Hong Kong’s government has taken an increasingly hard line on dissent in the past year, jailing protesters, banning activists from standing for election over their political views and successfully applying for popularly elected lawmakers to be disqualified.

“Even though today my sentence was reduced, I’m still facing prison for other charges,” Wong said. “Although we won today, Hong Kong is still far from upholding the rule of law, there are still political prisoners and the government is pursuing a political agenda in the courts.”

The jail terms were highly controversial and came after Hong Kong’s Beijing-appointed government applied for harsher punishments. The trio had already been given lighter sentences, with Wong and Law completing community service and Chow receiving a suspended prison term.

“The Hong Kong government has redoubled efforts to weaken pro-democracy voices,” said Maya Wang, a senior researcher at Human Rights Watch. “The government is using this case to see how far it can go in pursuing political prosecutions, and it will inform their strategy going forward.”

“No one should be prosecuted for a peaceful protest,” she added.

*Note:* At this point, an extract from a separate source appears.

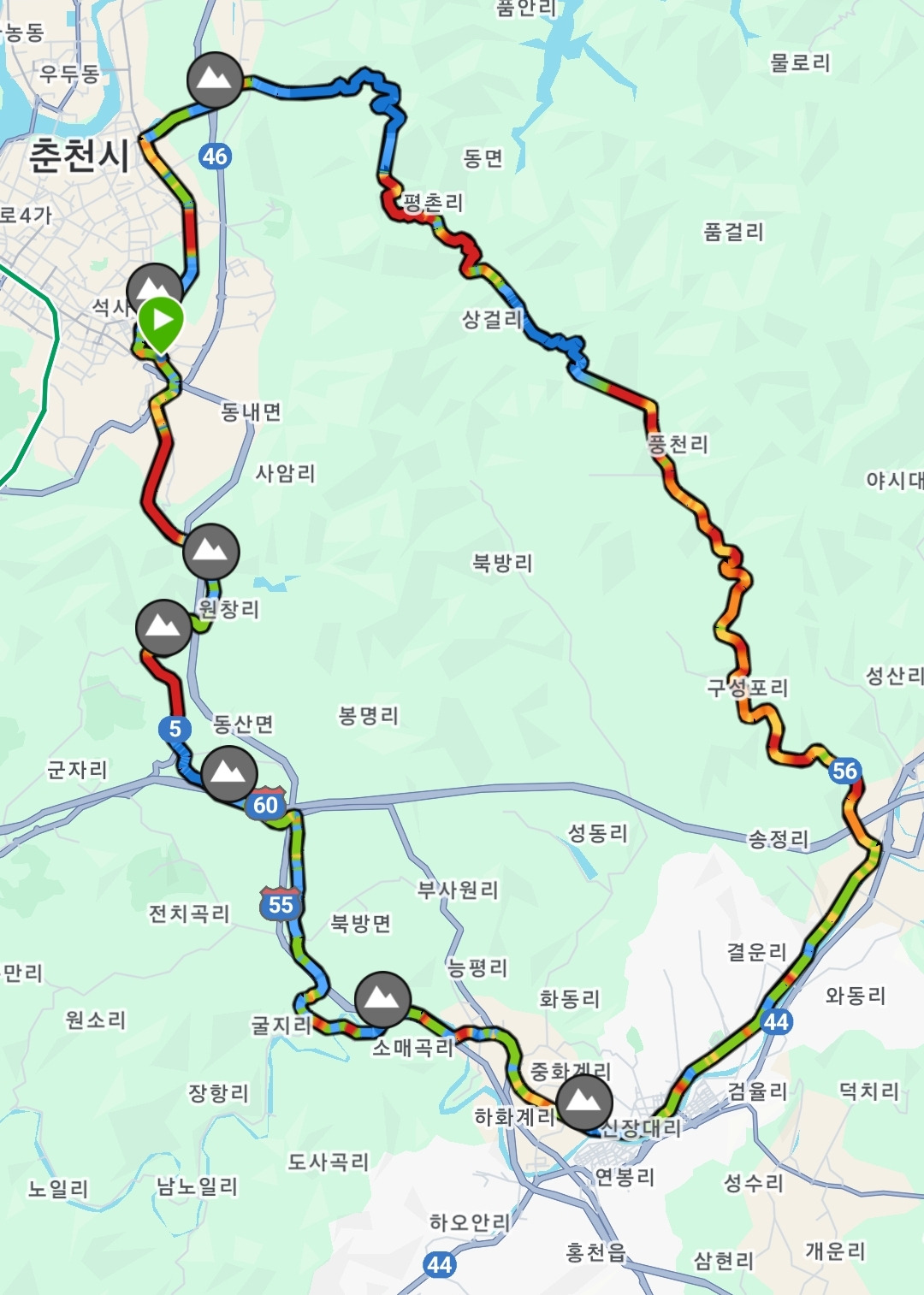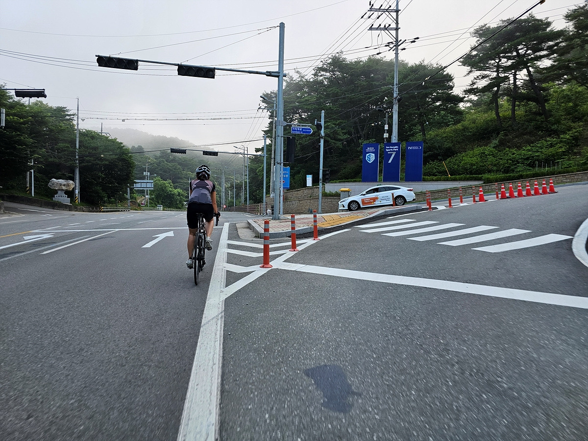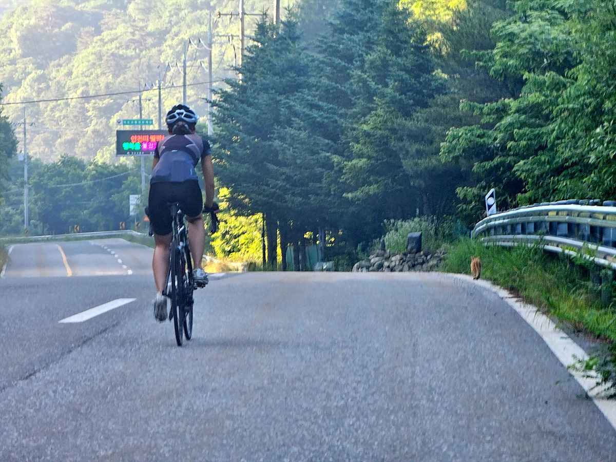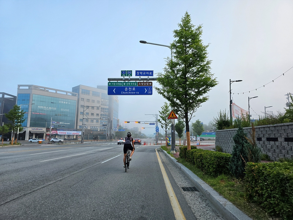 모래재를 넘으면 국립춘천병원을 지나 쭉 내려간다. 교통량이 조금 늘어나지만 길이 깨끗하고 차선이 넓은 편이라 그나마 달리기 나쁘지 않다.

In jailing the three activists last year, Judge Wally Yeung argued the sentences were a necessary deterrent to what he called a “sick trend” of anti-government protest.

The trio was nominated for the 2018 Nobel peace prize by a group of US lawmakers last week for their “principled commitment to a free and prosperous Hong Kong. They are an inspiration and their cause has reverberations far beyond their city”.

The UK handed back Hong Kong to China in 1997 under an agreement that promised to safeguard the city’s autonomy from the Communist-ruled mainland and pledged greater freedoms.

Some observers have expressed concern over human rights. Paddy Ashdown, the former leader of the Liberal Democrats, painted a bleak picture after a recent fact-finding trip.

“Over the past five years, the freedoms guaranteed to the people of Hong Kong in its mini-constitution, the basic law, have been increasingly eroded,” Ashdown wrote in the report. “The rule of law is under pressure, human rights are undermined and the city appears no closer to democracy.”

Writing in the Guardian after beginning his prison stint, Wong said: “Being locked up is an inevitable part of our long, exhausting path to democracy. Our bodies are held captive, but our pursuit of freedom cannot be contained.”

The jail terms have already prevented Wong and Law from running in an upcoming byelection for the city’s legislature, where rules prevent anyone sentenced to more than three months in prison from standing for five years.

Wong was jailed for an additional three months in January on a separate charge of failing to leave a protest site during the 2014 sit-in. He had pleaded guilty.

Last month, the government banned Agnes Chow, who founded a political party with Wong and Law, from standing for election over the party manifesto.